= Omake =

Japanese meaning "extra", referring to additional anime, manga and DVD content

Omake (御負け, usually written おまけ) means extra in Japanese. Its primary meaning is general and widespread. It is used as an anime and manga term to mean "extra or bonus". In the United States and United Kingdom, anime fans generally use the term in a narrow sense to describe special features on DVD releases: deleted scenes, interviews with the actors, "the making of" documentary clips, outtakes, amusing bloopers, and so forth. However, this use of the term predates the DVD medium by several years. For at least the past fifty years in Japan, omake of small character figurines and toys have been giveaways that come with soft drinks and candy, and sometimes, the omake is more desired than the product being sold.

In English, the term is often used with this meaning, although it generally only applies to features included with anime, tokusatsu, and occasionally manga. Therefore, it is generally limited to use among fans of Japanese pop culture (sometimes called otaku), and like many loanwords from Japanese, omake is both the singular and plural form.

==Description==

Omake often include comedy sketches where the characters behave out of character, break the fourth wall, or subtly address opinions of the fandom known to the writers. Sometimes scenes from the TV show or OVA are humorously re-dubbed. One example, included on the Video Girl Ai DVD, replays scenes from the OVA series with new voice-acting in a rural accent. Other times, the same actors voice a new script that is more sexually suggestive, often ludicrously so. Omake can also consist of non-canonical, and often comedic crossover clips that sometimes occur at the end of episodes of two shows airing concurrently from the same studio, such as recent Kamen Rider and Super Sentai programs.

A screenshot of an anime omake, taken from Gunbuster. Here, chibi versions of the main characters attempt to explain the concept of "Ice II".

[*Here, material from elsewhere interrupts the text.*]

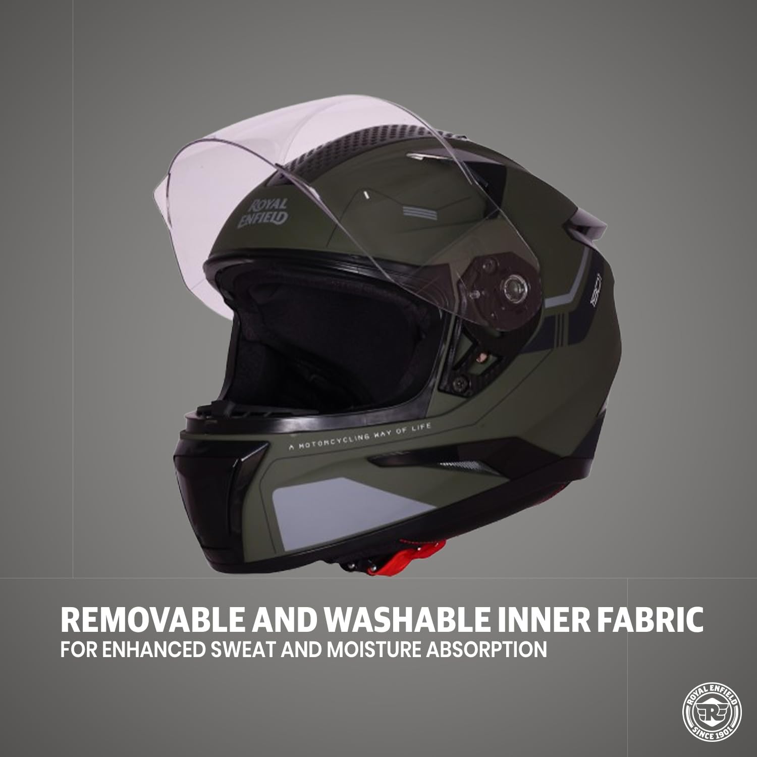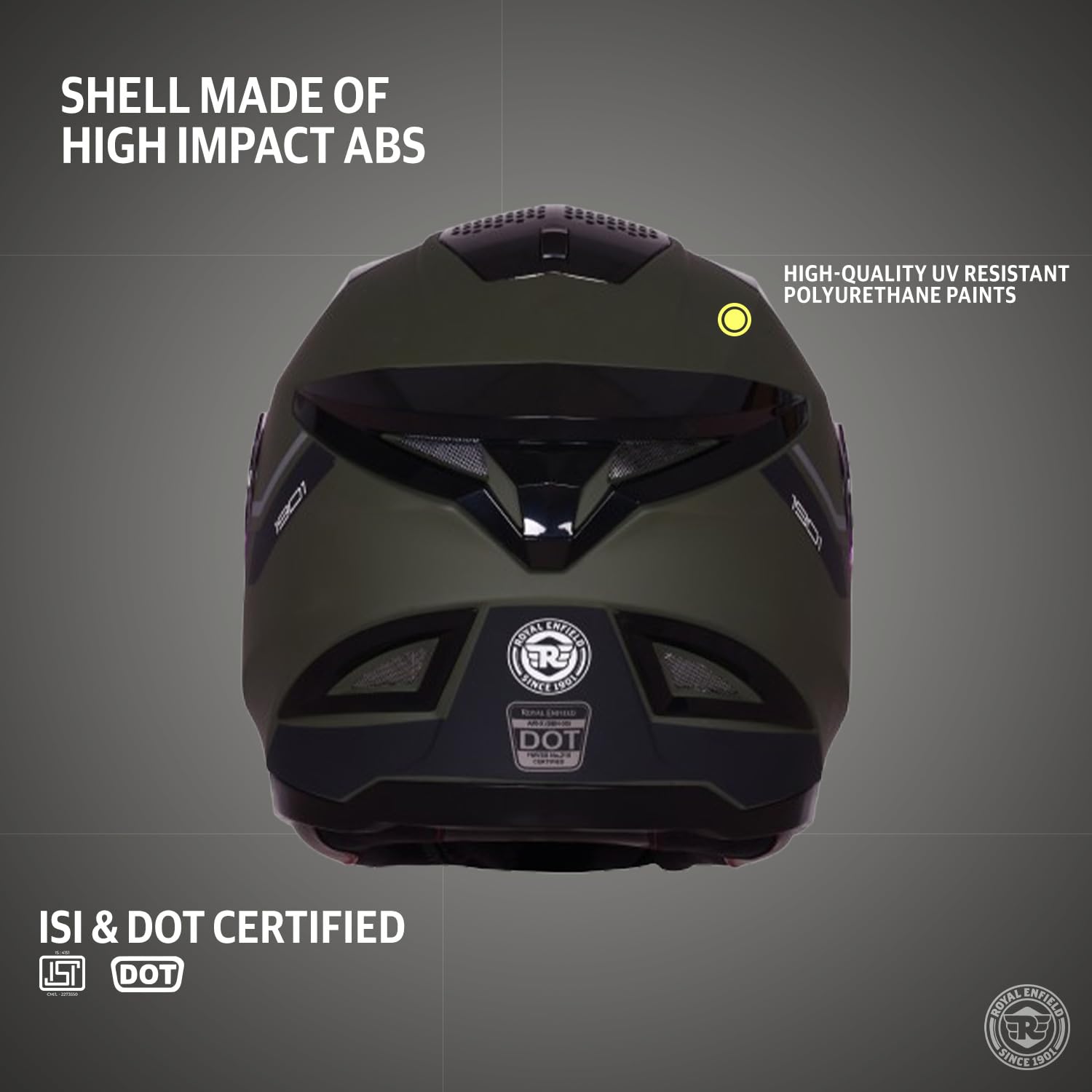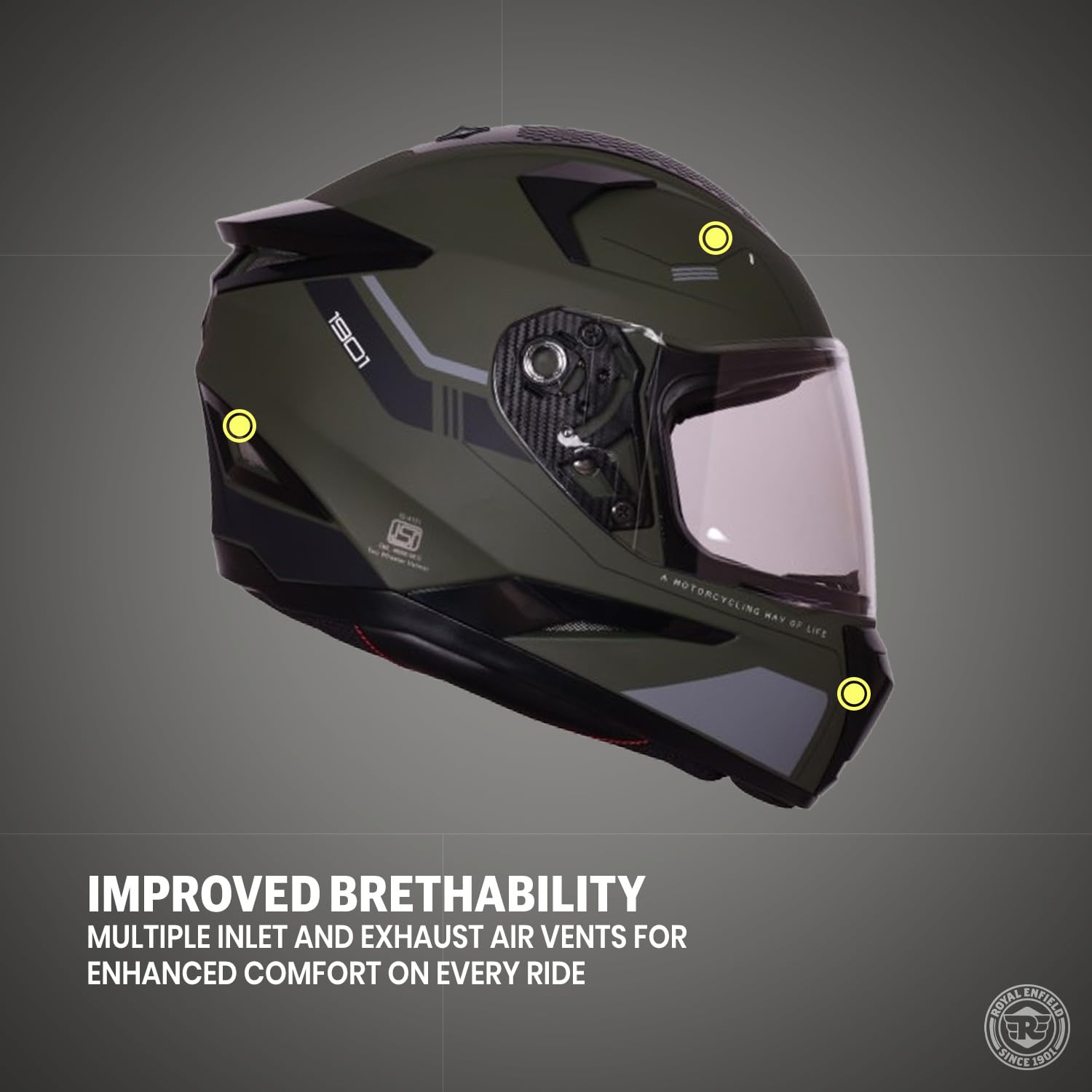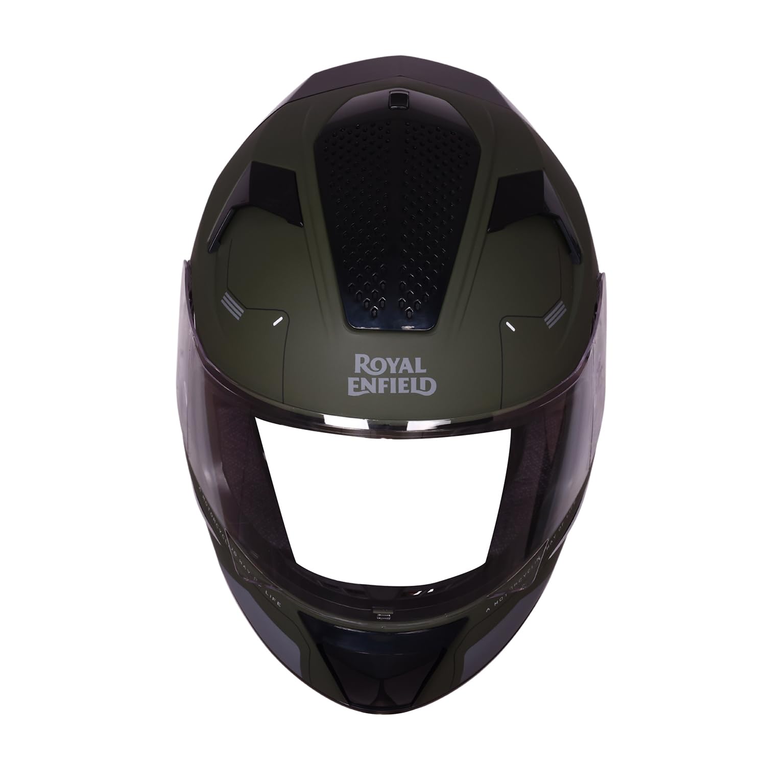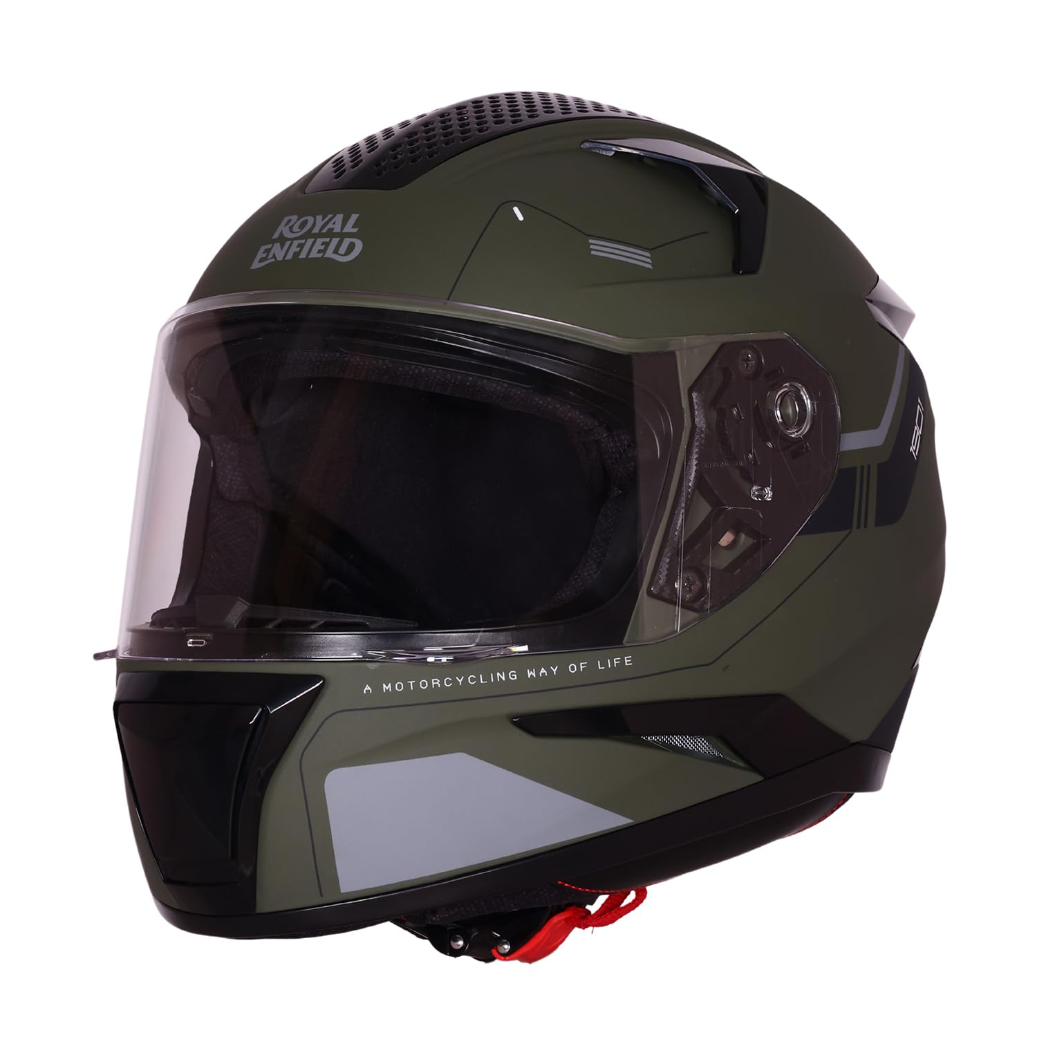 ROYAL ENFIELD AIR-X 1901 Full Face Helmet | Certification: ISI & DOT | High Impact Grade ABS Shell |Multipore Ventilation System | Aerodynamic Design with Aggressive Styling | Battle Green (M) 58 CM

For anime, these are often presented in super deformed style, in the same way manga omake often is. For example, the anime OVA Gunbuster features super deformed characters trying to explain what the writers know to be mostly pseudo-science, or talking about their relationships with each other in a way they do not in the series itself. In the anime series Reborn!, one of the characters named Haru Miura has an interview with each of the characters of the anime in chibi forms, and the characters' answers to the questions are often something they would never say in the anime or the manga. For live action programs, although not animated, the expressions and sound effects used for comedic purposes can often be inspired by the omake found in the animated mediums.

The term "omake" has use also in video games; the Sega game Shenmue II for the Dreamcast had a hidden folder on the game disc labelled "Omake", found by placing the disc into a computer, containing exclusive wallpapers and conception art.

Another example of an omake in popular culture is related to Square's Final Fantasy IX. The secret "Blackjack" minigame after completion of the game is accessed by means of a button combination. The Final Fantasy "Playonline" site has a secrets section for Final Fantasy IX, requiring passwords given in the official Piggyback guide to enter. The password needed to reveal the button combination for the Blackjack minigame is E-OMAKE. The minigame itself is an omake.

In some fiction writing communities based on forum sites, the term "omake" refer to derivative stories posted in a story thread, usually by users other than the author of the thread, and as a general rule are non-canonical by default. Members of these communities occasionally refer to having written or posted an omake with the term "omaked".

Omake occasionally appears in fanfiction about anime or manga, after the story itself, usually as a humorous "alternative ending". An example of this is that at the end of each episode of Dance in the Vampire Bund is a 20–30 second chibi skit called "Dance with the Vampire Maids".